The location that the mouse is pointing to on a 3D surface can be found by starting with MousePosition["Graphics3DBoxIntercepts"]. This will give you the two points where the line perpendicular to the screen at the mouse pointer intersects the three-dimensional bounding box.

We can calculate the intersection of this line with the surface to find a point. Here is a simple implementation to track that point dynamically:

fun defines the surface:

fun[{x_, y_, z_}] := x^3 + y^2 - z^2

Let's plot it:

plot = ContourPlot3D[
   fun[{x, y, z}] == 0, {x, -2, 2}, {y, -2, 2}, {z, -2, 2}]

Now let's try to find the intersection of the mouse pointer with the surface using FindRoot. There might be several intersections, so I specified the box intersection point closer to the viewer as a starting point for FindRoot (t == 0 in the code). This does not guarantee that the closest (i.e. visible) point will be found, but it makes it more likely.

Show[plot,
 Graphics3D[{
   Red,
   Dynamic@Quiet@Check[
      Sphere[#, Scaled[0.01]]& @ Module[{p1, p2, t},
        {p1, p2} = MousePosition[{"Graphics3DBoxIntercepts", Graphics3D}];
        (p2 - p1) t + p1 /. FindRoot[fun[(p2 - p1) t + p1], {t, 0, 0, 1}]
        ],
      {}]}]
 ]

Mathematica graphics

Now that we have the point on the surface, you can do with it whatever you want (calculate another functions, etc.) You can use EventHandler to just record clicks instead of tracking values dynamically.

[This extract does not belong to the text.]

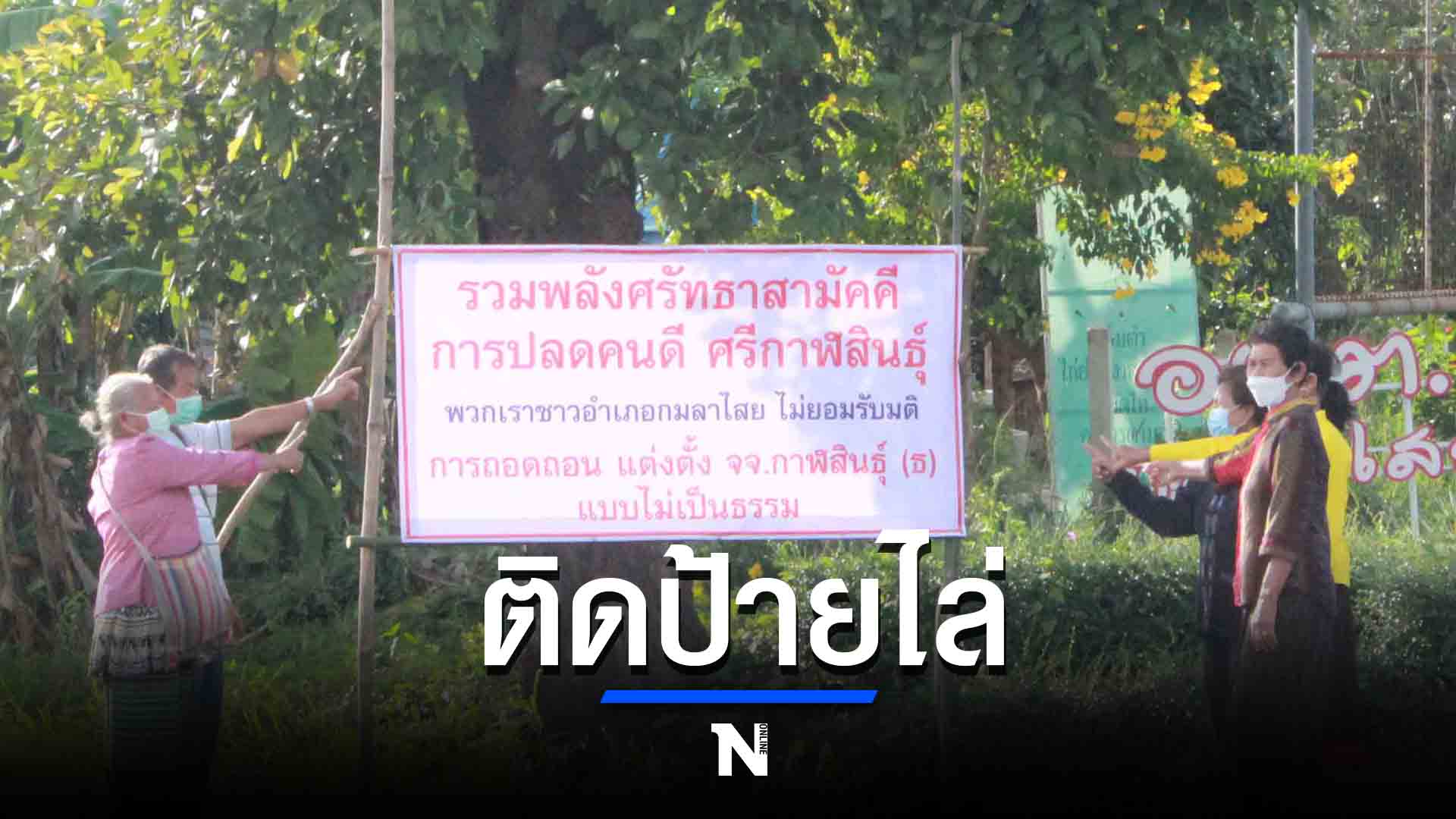 ล่าสุดที่ริมถนนสายอำเภอกมลาไสย-มหาสารคาม บริเวณปากทางเข้าบ้านข้าวหลาม ต.กมลาไสย อ.กมลาไสย จ.กาฬสินธุ์ ชาวบ้านได้นำป้าย ที่เขียนข้อความ “รวมพลังศรัทธาสามัคคี การปลดคนดีศรีกาฬสินธุ์ พวกเราชาวอำเภอกมลาไสยไม่ยอมรับมติการถอดถอน แต่งตั้ง จจ.กาฬสินธุ์ (ธ)แบบไม่เป็นธรรม”มาปักไว้ทางเข้าหมู่บ้าน เพื่อเป็นสัญลักษณ์ในการคัดค้านคำสั่งของมส.และพศ.ที่ถอดถอดเจ้าคณะจังหวัดกาฬสินธุ์ โดยไม่เป็นธรรมและไม่มีการชี้แจงถึงสาเหตุ และเป็นการแสดงเจตนารมณ์ไม่ยอมรับการแต่งตั้งพระครูสุทธิญาณโสภณ หรือพระอาจารย์เล็ก จากเดิมเป็นเจ้าคณะอำเภอสังคม จ.หนองคาย ข้ามห้วยมาเป็นเจ้าคณะ จ.กาฬสินธุ์ (ธรรมยุต)คนใหม่อีกด้วย
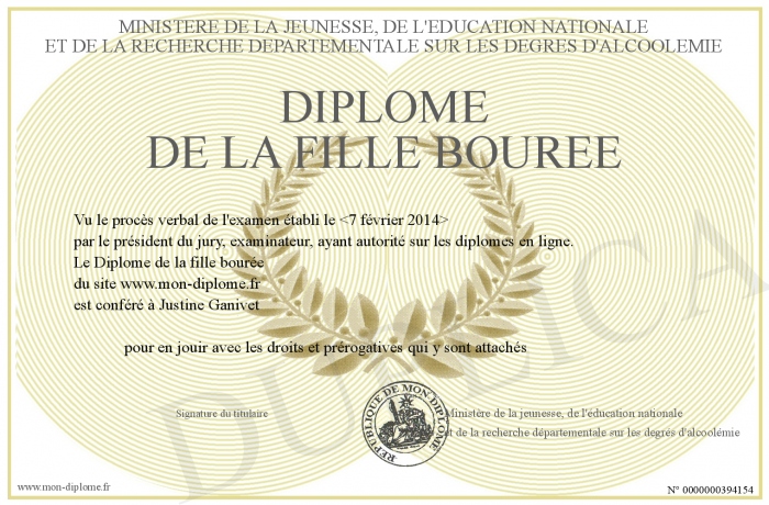 Envoyez par email votre Diplôme de la fille bourée personalisé

To address your other question about how to get a number of points on the surface. One way is to use FindInstance.

FindInstance[
 fun[{x, y, z}] == 0 && Thread[-2 < And[x, y, z] < 2, And], {x, y, 
  z}, Reals, 10]

This will give you 10 points that are precisely on the surface (this uses exact calculations). Let's show them:

Show[plot, Graphics3D[{Red, Sphere[{x, y, z}, Scaled[0.01]] /. %}]]

To get the points generated by ContourPlot3D, extract them from the GraphicsComplex object is creates. These coordinates will not be quite as precise as they are meant for visualization only.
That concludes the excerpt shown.